A simple persistent compilation-cache experiment is now also bounded out as a
first-order fix. Re-running the same workflow in a fresh process with
`--compilation-cache-dir` enabled leaves the first-call latencies essentially
unchanged:

- cold cached process:
  - `no_momentum_first_seconds`: `1.17e+1`
  - `momentum_correction_first_seconds`: `1.24e+1`
- warm cached process:
  - `no_momentum_first_seconds`: `1.17e+1`
  - `momentum_correction_first_seconds`: `1.23e+1`

So the current integrated workflow is not being held back by a missing on-disk
compilation cache alone.
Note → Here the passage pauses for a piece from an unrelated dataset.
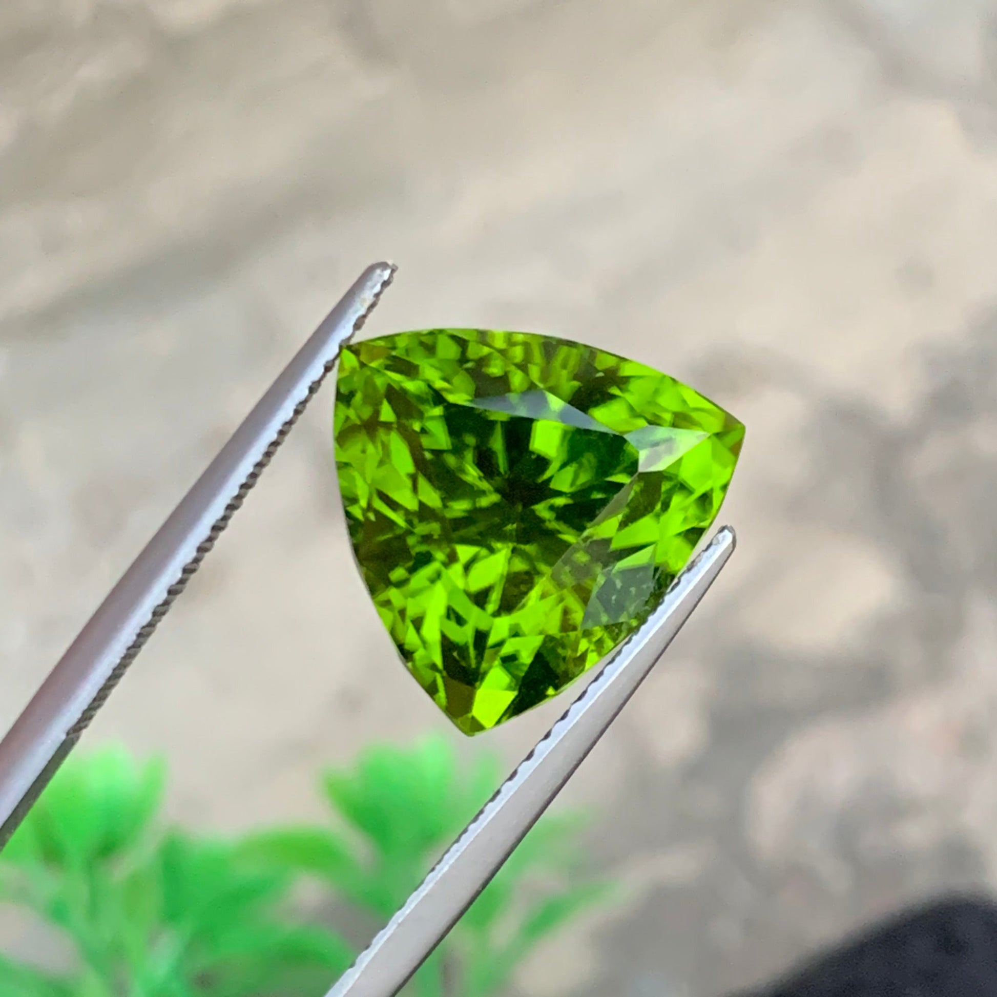 This 11.00 carats peridot gemstone features a brilliant triangular cut that highlights its luminous green hue. Known for its vibrant color and clarity, this gemstone offers both elegance and a unique shape ideal for custom jewelry pieces. Perfect for collectors and designers seeking a striking, expert-level gem with excellent visual appeal.

The speed lane should stay focused on shape
stability, static-argument control, and reusable compiled closure calls rather
than on cache toggles by themselves.

## Research-Grade Performance Plan

The next performance work should stay evidence-driven:

1. measure compile time, first-call time, steady-state time, peak resident
   memory, and device memory separately;
2. keep small PR tests and large profiling campaigns separate;
3. profile the exact workload before changing linear algebra, vectorization, or
   dependencies;
4. prefer stable shapes and prepared data structures over dynamic Python control
   inside `jit`;
5. promote multi-process or multi-device paths only when a measured production
   grid crosses over from serial batched JAX.

JAX-specific rules for NTX:

- use `jax.vmap` for independent collisionality, electric-field, species, or
  radial scan axes when all mapped leaves have compatible shapes;
- use `jax.lax.scan` for fixed-length iterative loops that would otherwise be
  unrolled inside `jit`;
- keep static arguments hashable, immutable, and low-cardinality so they do not
  create unnecessary recompiles;
- consider buffer donation only at public call boundaries where the caller will
  not reuse the donated arrays;
- use `jax.profiler.trace` or XProf/Perfetto for targeted traces, and JAX memory
  profiling for OOM or retained-buffer investigations;
- for GPU sharing, set explicit memory policy such as
  `XLA_PYTHON_CLIENT_PREALLOCATE=false` or `XLA_PYTHON_CLIENT_MEM_FRACTION`
  before launching concurrent runs.

Lineax and Equinox are useful but not automatic wins:

- Lineax should be evaluated first on repeated structured solve or
  Jacobian-linear-operator workloads where reuse or memory reduction can be
  measured against the current prepared dense solve.
- Equinox should be evaluated for typed PyTree modules and filtered transforms
  only if it simplifies static-versus-dynamic argument handling or custom
  derivative APIs without destabilizing the public NTX API.

Do not use broad XLA dump passes as the default profiling loop on normal
workstations. They are useful for focused compiler investigations, but the
current project bottlenecks are better attacked with smaller traces, shape
audits, and cached closure-only profiling.